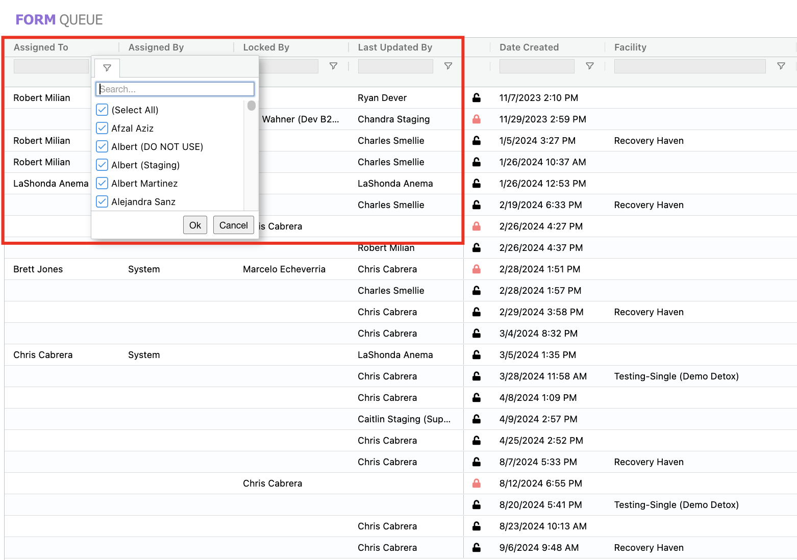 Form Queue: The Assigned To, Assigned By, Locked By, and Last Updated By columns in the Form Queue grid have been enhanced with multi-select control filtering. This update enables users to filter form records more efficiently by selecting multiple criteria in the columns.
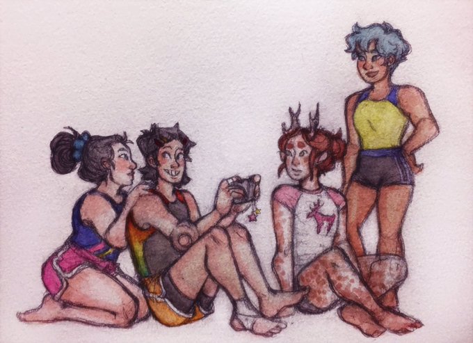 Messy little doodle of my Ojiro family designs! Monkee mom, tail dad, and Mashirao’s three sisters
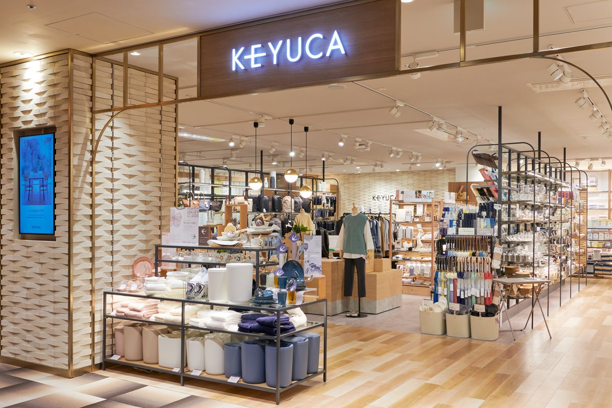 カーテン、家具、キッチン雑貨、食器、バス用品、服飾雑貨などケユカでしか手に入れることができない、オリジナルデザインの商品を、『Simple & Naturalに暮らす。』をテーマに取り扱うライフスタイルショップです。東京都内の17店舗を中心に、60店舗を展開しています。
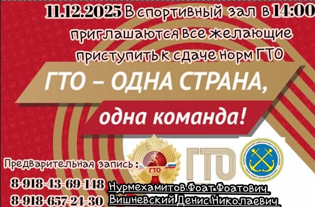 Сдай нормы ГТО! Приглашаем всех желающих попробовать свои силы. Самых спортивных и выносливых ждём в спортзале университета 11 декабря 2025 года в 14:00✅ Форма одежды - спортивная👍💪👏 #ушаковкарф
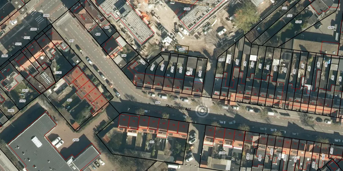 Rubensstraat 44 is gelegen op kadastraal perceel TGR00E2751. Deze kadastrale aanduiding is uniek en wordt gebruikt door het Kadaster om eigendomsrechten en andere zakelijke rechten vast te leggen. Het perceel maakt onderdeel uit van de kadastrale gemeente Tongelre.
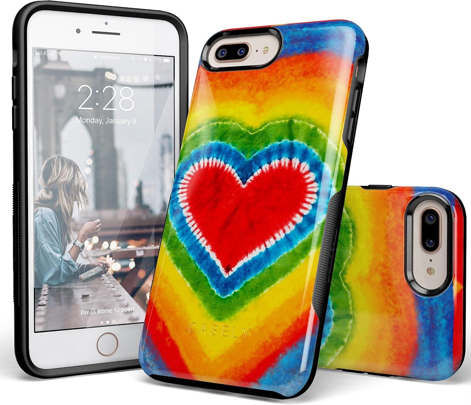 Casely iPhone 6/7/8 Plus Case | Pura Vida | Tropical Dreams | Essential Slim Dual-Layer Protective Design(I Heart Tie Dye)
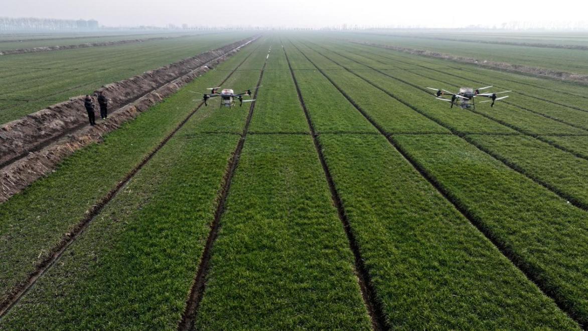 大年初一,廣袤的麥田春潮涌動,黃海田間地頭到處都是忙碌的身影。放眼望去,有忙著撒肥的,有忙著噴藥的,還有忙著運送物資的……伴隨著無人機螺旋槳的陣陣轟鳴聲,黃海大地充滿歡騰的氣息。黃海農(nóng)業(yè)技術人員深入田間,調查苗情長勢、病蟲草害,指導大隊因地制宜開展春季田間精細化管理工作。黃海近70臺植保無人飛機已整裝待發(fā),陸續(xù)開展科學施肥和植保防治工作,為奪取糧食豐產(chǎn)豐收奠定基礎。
--
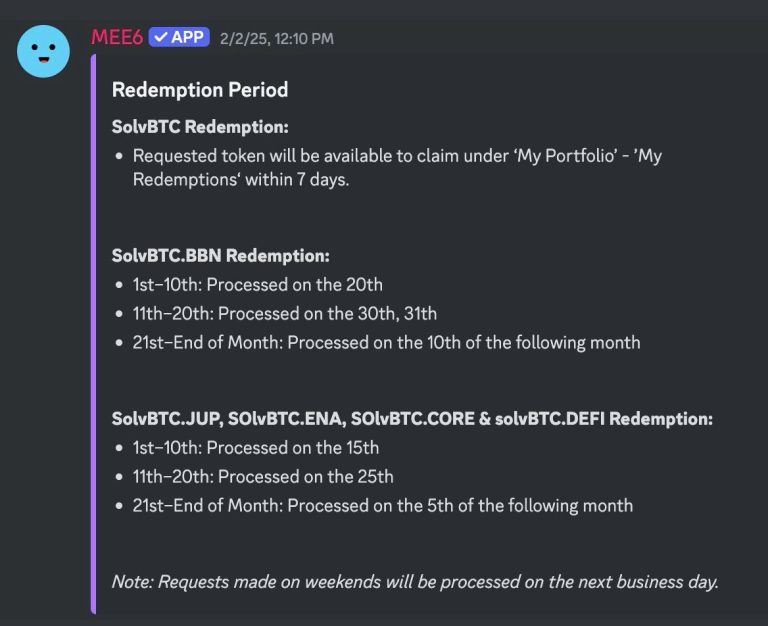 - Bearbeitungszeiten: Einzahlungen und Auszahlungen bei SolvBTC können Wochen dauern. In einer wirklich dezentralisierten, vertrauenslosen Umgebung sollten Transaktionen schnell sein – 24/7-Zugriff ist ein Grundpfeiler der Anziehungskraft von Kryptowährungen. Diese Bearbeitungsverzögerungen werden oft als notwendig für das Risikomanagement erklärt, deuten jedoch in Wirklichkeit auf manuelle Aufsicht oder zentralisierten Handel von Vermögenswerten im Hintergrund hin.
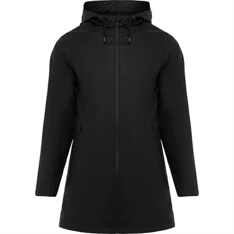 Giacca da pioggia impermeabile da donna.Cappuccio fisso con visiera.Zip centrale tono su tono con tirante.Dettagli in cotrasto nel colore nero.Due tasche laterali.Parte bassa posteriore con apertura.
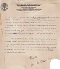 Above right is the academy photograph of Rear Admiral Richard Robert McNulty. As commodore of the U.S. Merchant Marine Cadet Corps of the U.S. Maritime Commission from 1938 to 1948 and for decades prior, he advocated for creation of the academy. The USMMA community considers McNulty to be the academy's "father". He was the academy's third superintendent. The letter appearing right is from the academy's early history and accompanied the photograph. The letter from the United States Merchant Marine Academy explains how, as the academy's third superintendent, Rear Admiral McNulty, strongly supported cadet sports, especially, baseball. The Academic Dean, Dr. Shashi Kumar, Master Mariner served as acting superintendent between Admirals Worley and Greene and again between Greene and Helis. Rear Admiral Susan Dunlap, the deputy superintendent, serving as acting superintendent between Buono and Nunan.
---
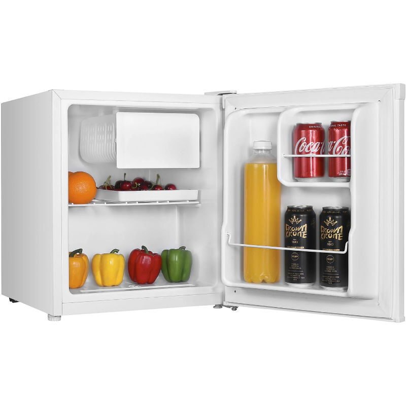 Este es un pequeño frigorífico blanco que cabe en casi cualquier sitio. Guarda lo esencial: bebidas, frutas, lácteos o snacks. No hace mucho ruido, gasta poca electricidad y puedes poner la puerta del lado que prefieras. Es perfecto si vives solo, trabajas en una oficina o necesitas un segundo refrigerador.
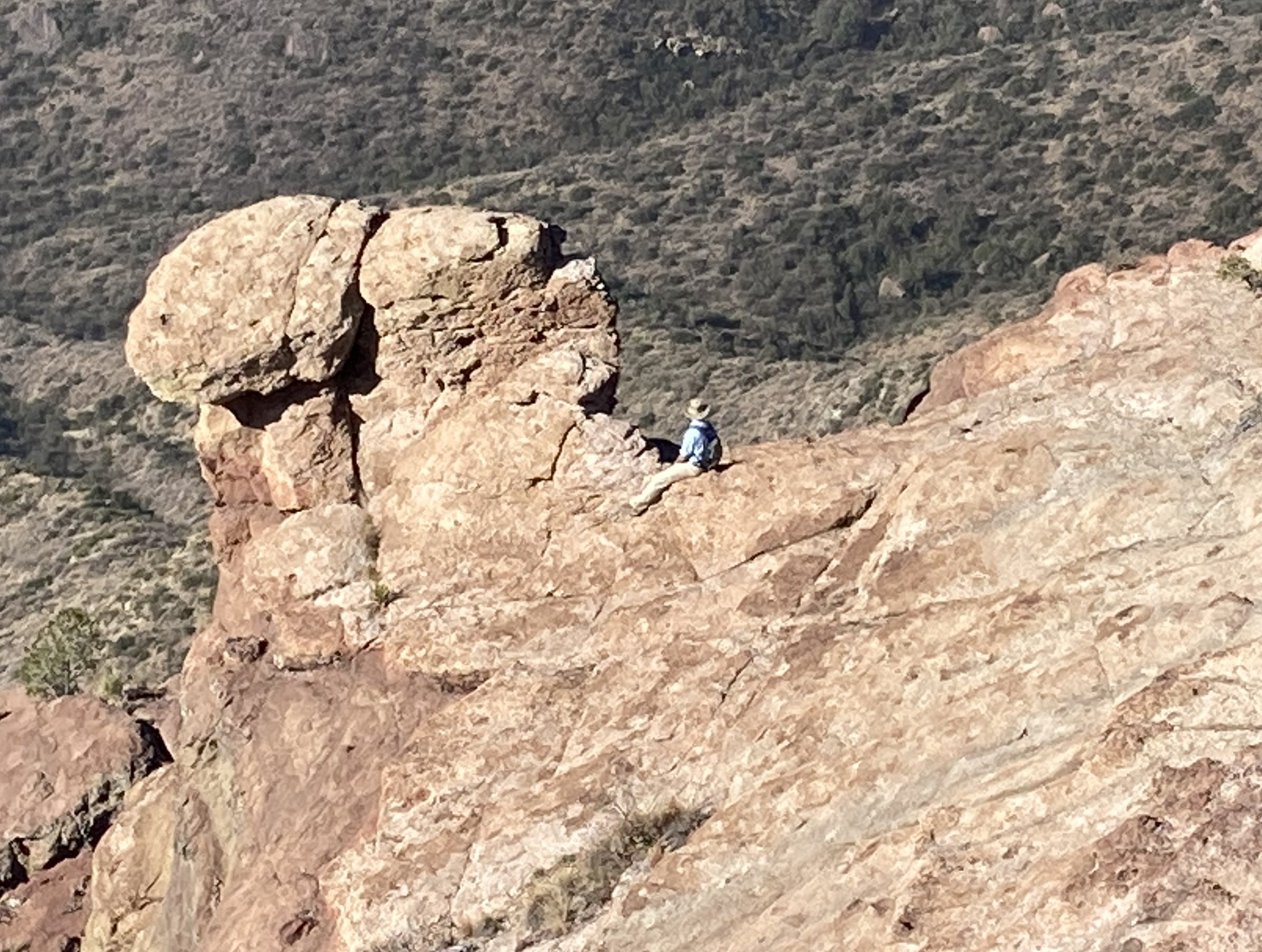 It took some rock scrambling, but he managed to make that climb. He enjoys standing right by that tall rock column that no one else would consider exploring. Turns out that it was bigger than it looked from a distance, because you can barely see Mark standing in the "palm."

WHAT TO PRODUCE> Output exactly the lines above, from the line with "Rubensstraat 44 is" to the line with "大年初一,廣袤的麥田春潮涌動", both included; skip the pictures.

YOUR SOLUTION>
 Rubensstraat 44 is gelegen op kadastraal perceel TGR00E2751. Deze kadastrale aanduiding is uniek en wordt gebruikt door het Kadaster om eigendomsrechten en andere zakelijke rechten vast te leggen. Het perceel maakt onderdeel uit van de kadastrale gemeente Tongelre.
 Casely iPhone 6/7/8 Plus Case | Pura Vida | Tropical Dreams | Essential Slim Dual-Layer Protective Design(I Heart Tie Dye)
 大年初一,廣袤的麥田春潮涌動,黃海田間地頭到處都是忙碌的身影。放眼望去,有忙著撒肥的,有忙著噴藥的,還有忙著運送物資的……伴隨著無人機螺旋槳的陣陣轟鳴聲,黃海大地充滿歡騰的氣息。黃海農(nóng)業(yè)技術人員深入田間,調查苗情長勢、病蟲草害,指導大隊因地制宜開展春季田間精細化管理工作。黃海近70臺植保無人飛機已整裝待發(fā),陸續(xù)開展科學施肥和植保防治工作,為奪取糧食豐產(chǎn)豐收奠定基礎。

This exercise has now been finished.